Binary encoding of atmost-1 (atleast-2) is from this 2-separating partition:

k = 2 n = 8 p = 3 c = 2
[[0,1,2,3],[4,5,6,7]]
[[0,2,4,6],[1,3,5,7]]
[[0,1,4,5],[2,3,6,7]]

and this can be extend. Partition P_i is obtained by looking at binary digit at position i.

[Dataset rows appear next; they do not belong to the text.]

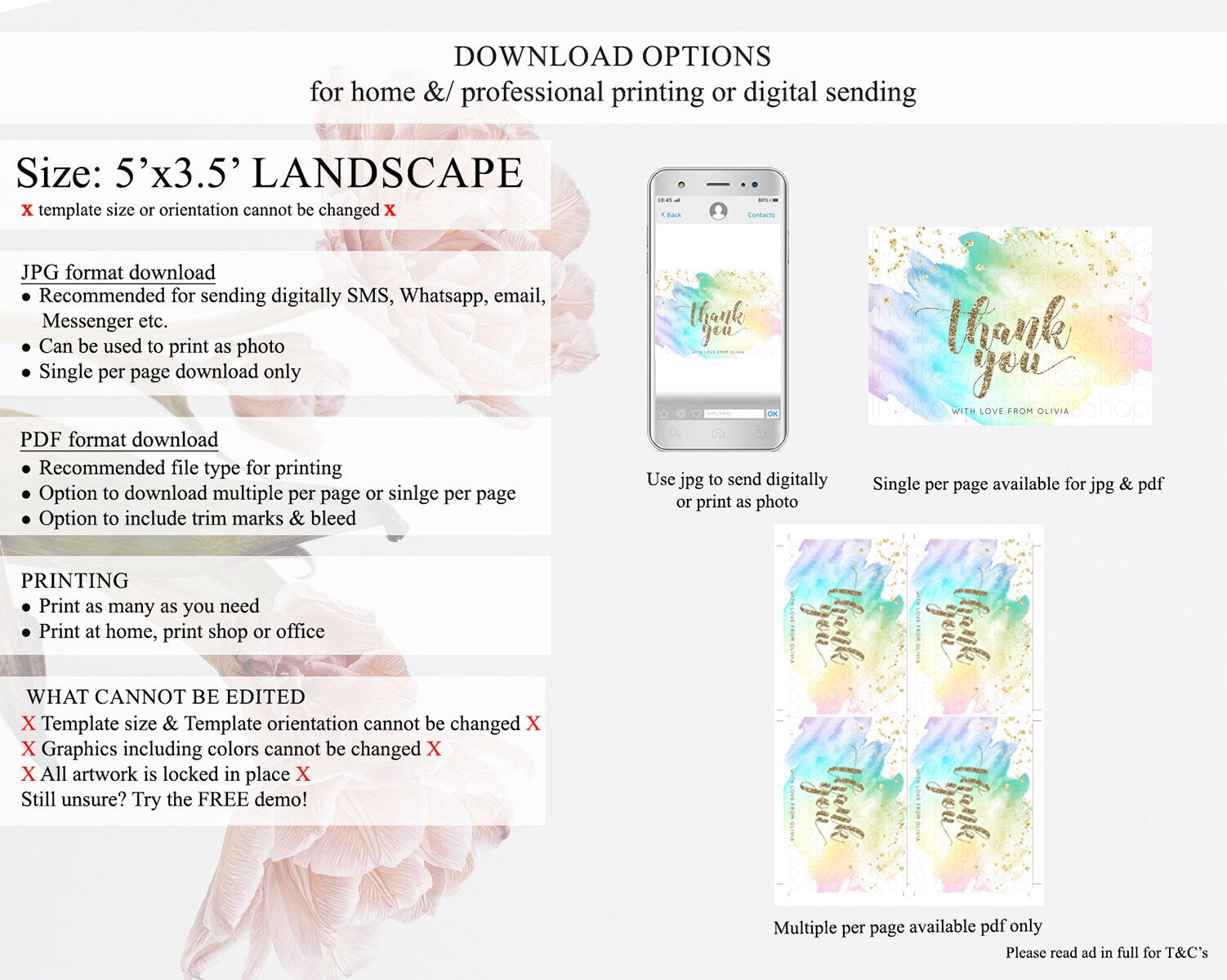 • Template size & orientation cannot be changed. Please use the demo link to confirm this product suits your needs.
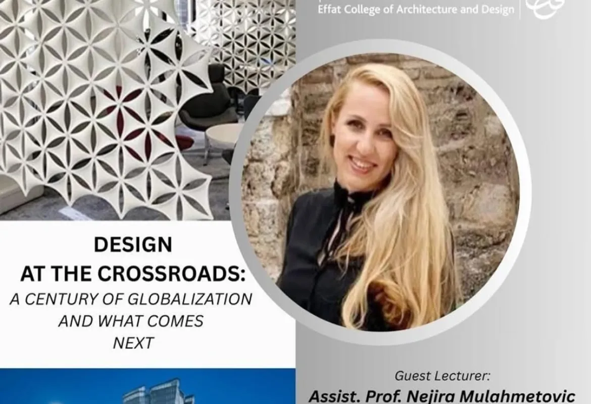 17 Nisan 2025 Perşembe günü, Uluslararası Saraybosna Üniversitesi (IUS) Görsel Sanatlar ve Görsel İletişim Tasarımı (VACD) yüksek lisans programından Dr. Nejira Mulahmetović, Suudi Arabistan’ın Cidde kentindeki Effat Üniversitesi'nde “Design at the Crossroads: Küreselleşmenin Yüzyılı ve Sırada Ne Var?” başlıklı bir konuk konuşması düzenlemiştir.
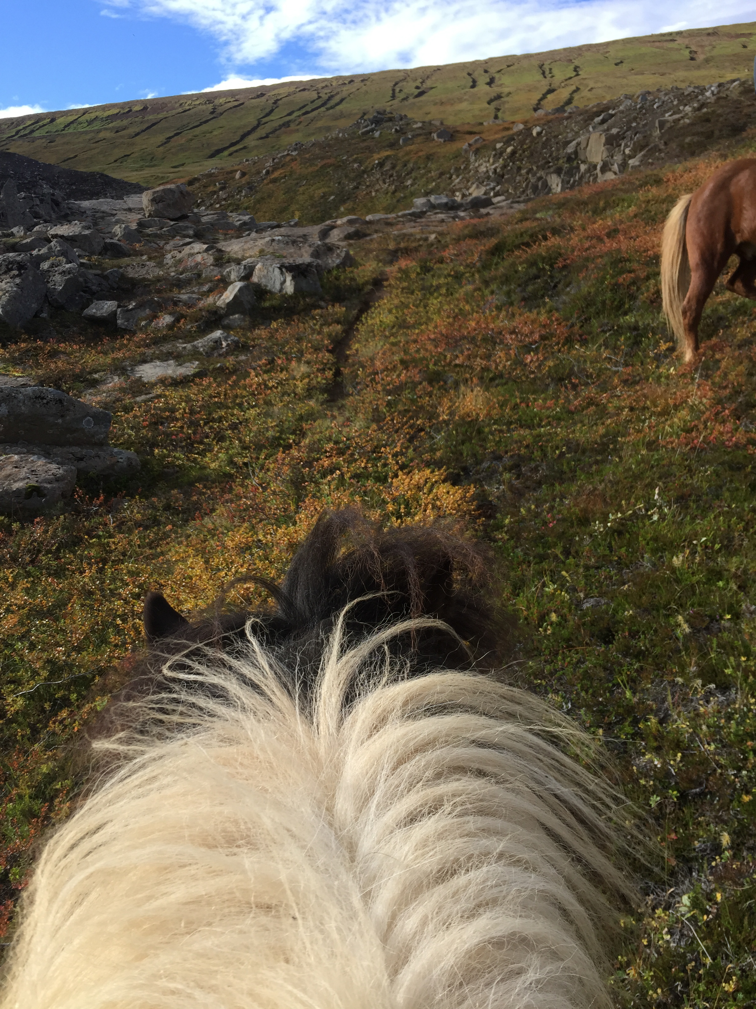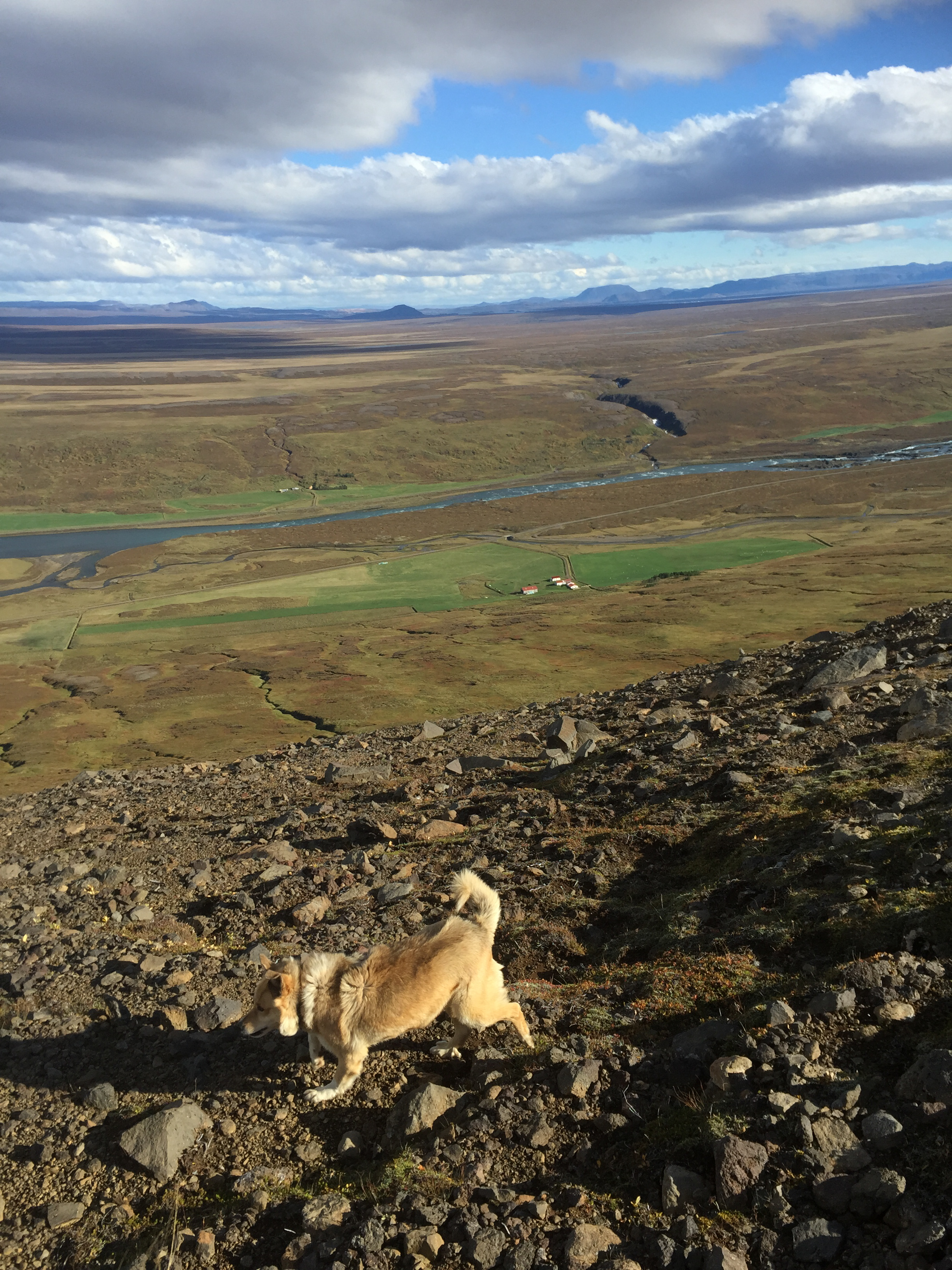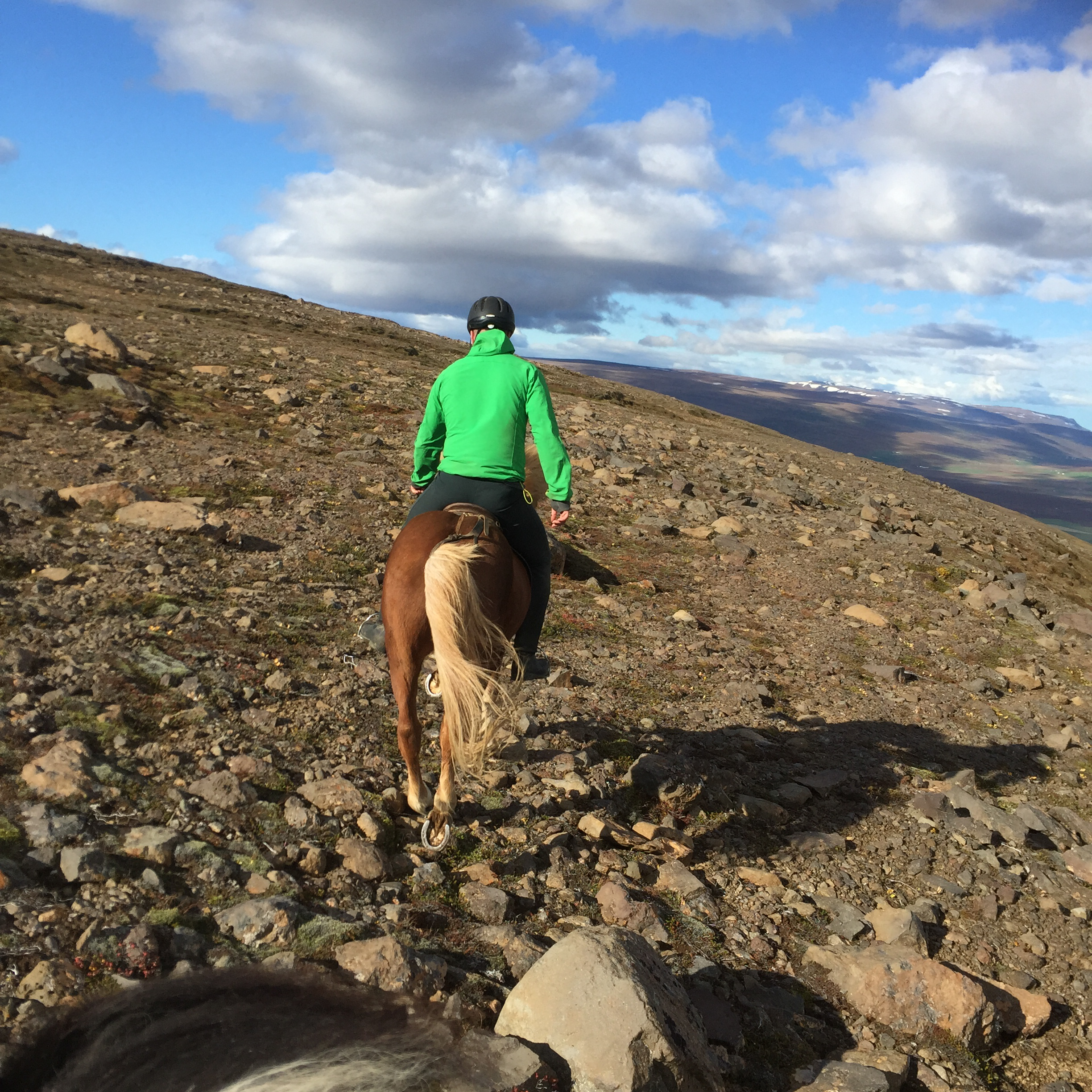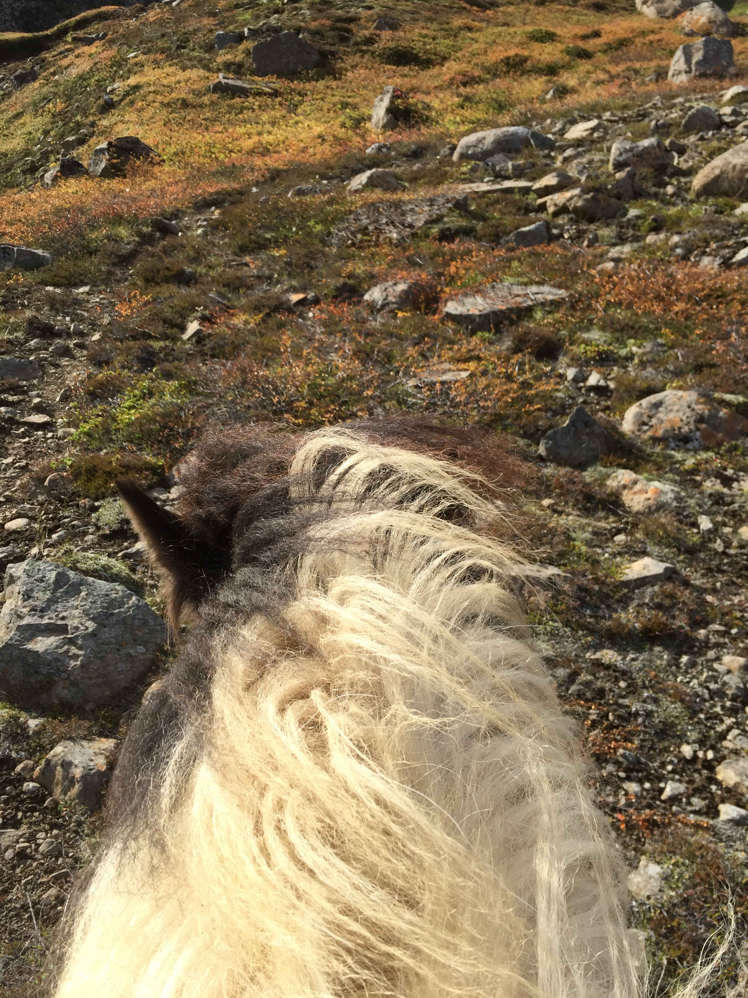 After a quick cup of tea it was action time. We were doing a 2nd round up, the main herd had been taken off the mountain and we were to collect stragglers… I thought it sounded a lovely gentle adventure… how wrong I was. We took off across the paddock and I had my first experience of the lateral gait the tölt, and started up the mountain face… not long in it was time to dismount- so we could save the horses for sheep chasing (a point I should have considered as a warning) after huffing and puffing we eventually made it up some incredibly steep terrain- all i could think about besides how out of breath I was; was if I trip over there is a long long long way to roll down!!! Perfect hangover cure- climb a mountain.
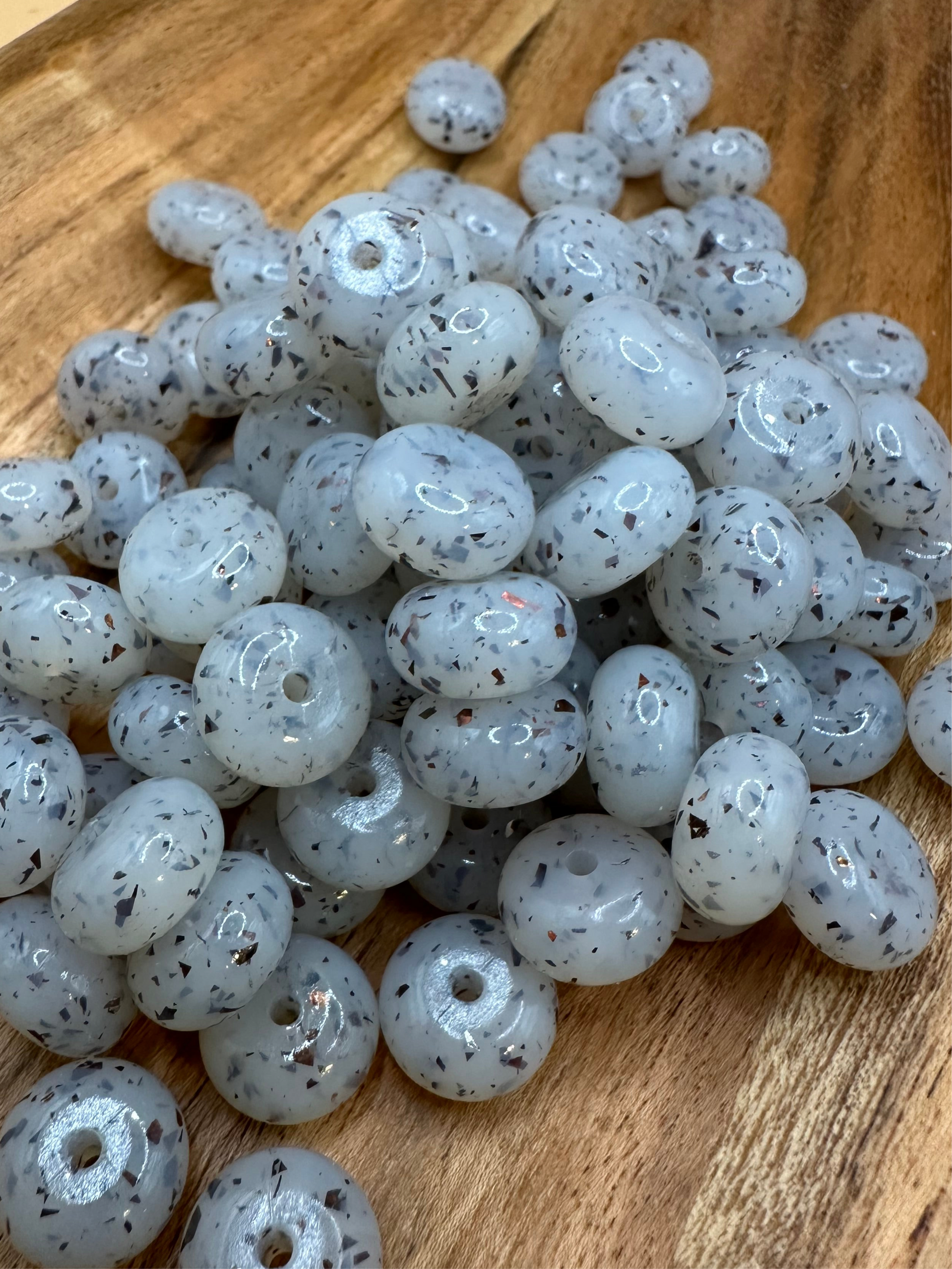 Clear & Black- Speckle Silicone Bead Abacus 14mm
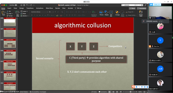 讲座过程中,伊奥尼斯先是向大家介绍了“合谋”(Collusion)的概念,包括关于合谋宽泛的概念、君子协定。他讲到,协调一致的实践需要一些“共识”或“思想的一致”,从而在知情的情况下以合作取代竞争,仅仅巧合的价格上涨不足以证明存在相关的做法以及横向和纵向垄断协议。另外,他给同学们讲解了算法的基本原理、算法合谋的计算方式,还对竞争对手算法合谋的三种情形进行了详细阐释。伊奥尼斯的讲授,也让同学们了解到构造一个简单的价格算法的步骤:第一步是收集过去提供的不同价格点的历史数据以及观察到的需求和要点,第二步是估计需求函数,第三步是解决优化问题,找到使收入或利润等指标最大化的最优价格,并满足定价政策或定价规则施加的约束库存;最后一步就是可以在一定时间段内应用此最优价格,观察已实现的需求,并重复上述过程。
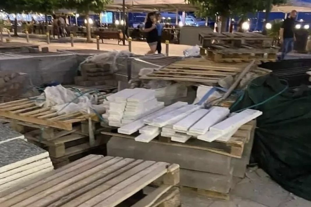 Οι παρακάτω φωτογραφίες από την ανάπλαση δείχνουν ότι σαν υλικά χρησιμοποιούνται μάρμαρα από τάφο.

Observations on 3-separation

3-separating collections of partitions of n elements

n = 6 with 3 partitions

[[0,2],[1,3],[4,5]]
[[0,3],[1,5],[2,4]]
[[0,5],[1,2],[3,4]]

n = 9 with 4, see above

n = 10 with 5

[[0,1,2,9],[3,5],[4,6,7,8]]
[[0,2,5,8],[1,3,4,7],[6,9]]
[[0,3,6,7],[1,8],[2,4,5,9]]
[[0,4],[1,5,6,7],[2,3,8,9]]
[[0,5,6,8],[1,3,4,9],[2,7]]

n = 12 with 6

[[0,1,2,3,6],[4,7,8,9,10],[5,11]]
[[0,1,2,3,11],[4,5,7,10],[6,8,9]]
[[0,1,5,6,7],[2,8,10,11],[3,4,9]]
[[0,4,5,6,7,9],[1,11],[2,3,8,10]]
[[0,4,8],[1,3,5,6,10],[2,7,9,11]]
[[0,9,10,11],[1,3,7,8],[2,4,5,6]]

n = 14 with 7

[[0,1,2,13],[3,7,9,10,11],[4,5,6,8,12]]
[[0,1,3,6,11,12,13],[2,5,7,9],[4,8,10]]
[[0,2,3,4,6,9,10],[1,5,8],[7,11,12,13]]
[[0,3,5,11],[1,8,9,12,13],[2,4,6,7,10]]
[[0,4,7,12],[1,6,10,11,13],[2,3,5,8,9]]
[[0,5,7,8,11,12],[1,3,4],[2,6,9,10,13]]
[[0,6,9],[1,5,7,10,13],[2,3,4,8,11,12]]

n = 20 with 10

[[0,1,3,6,7,13,15],[2,4,10,14,16,19],[5,8,9,11,12,17,18]]
[[0,1,11,12,14,15],[2,3,4,6,7,9,18],[5,8,10,13,16,17,19]]
[[0,2,3,8,14,17],[1,6,9,10,13,15,19],[4,5,7,11,12,16,18]]
[[0,2,13,16,18],[1,4,5,9,12,15],[3,6,7,8,10,11,14,17,19]]
[[0,3,4,11,12,13,14,17],[1,2,7,8,9,15,16,19],[5,6,10,18]]
[[0,3,5,7,8,10,12,16,19],[1,2,6,17,18],[4,9,11,13,14,15]]
[[0,3,9,12,15,16],[1,5,7,8,19],[2,4,6,10,11,13,14,17,18]]
[[0,4,6,8,12,16],[2,7,9,11,13],[3,5,10,14,15,17,18,19]]
[[0,5,6,12,13,15,17],[1,4,9,14,18,19],[2,3,7,8,10,11,16]]
[[0,9,10,14,17],[1,2,4,5,6,7,8,13,18],[3,11,12,15,16,19]]

(there is on element missing in one of the partitions, that means it does not matter in which class it goes, separation will be achieved in any case)

This suggests that we can find, for each n, a 3-separating collection of n/2 partitions. Can you prove this?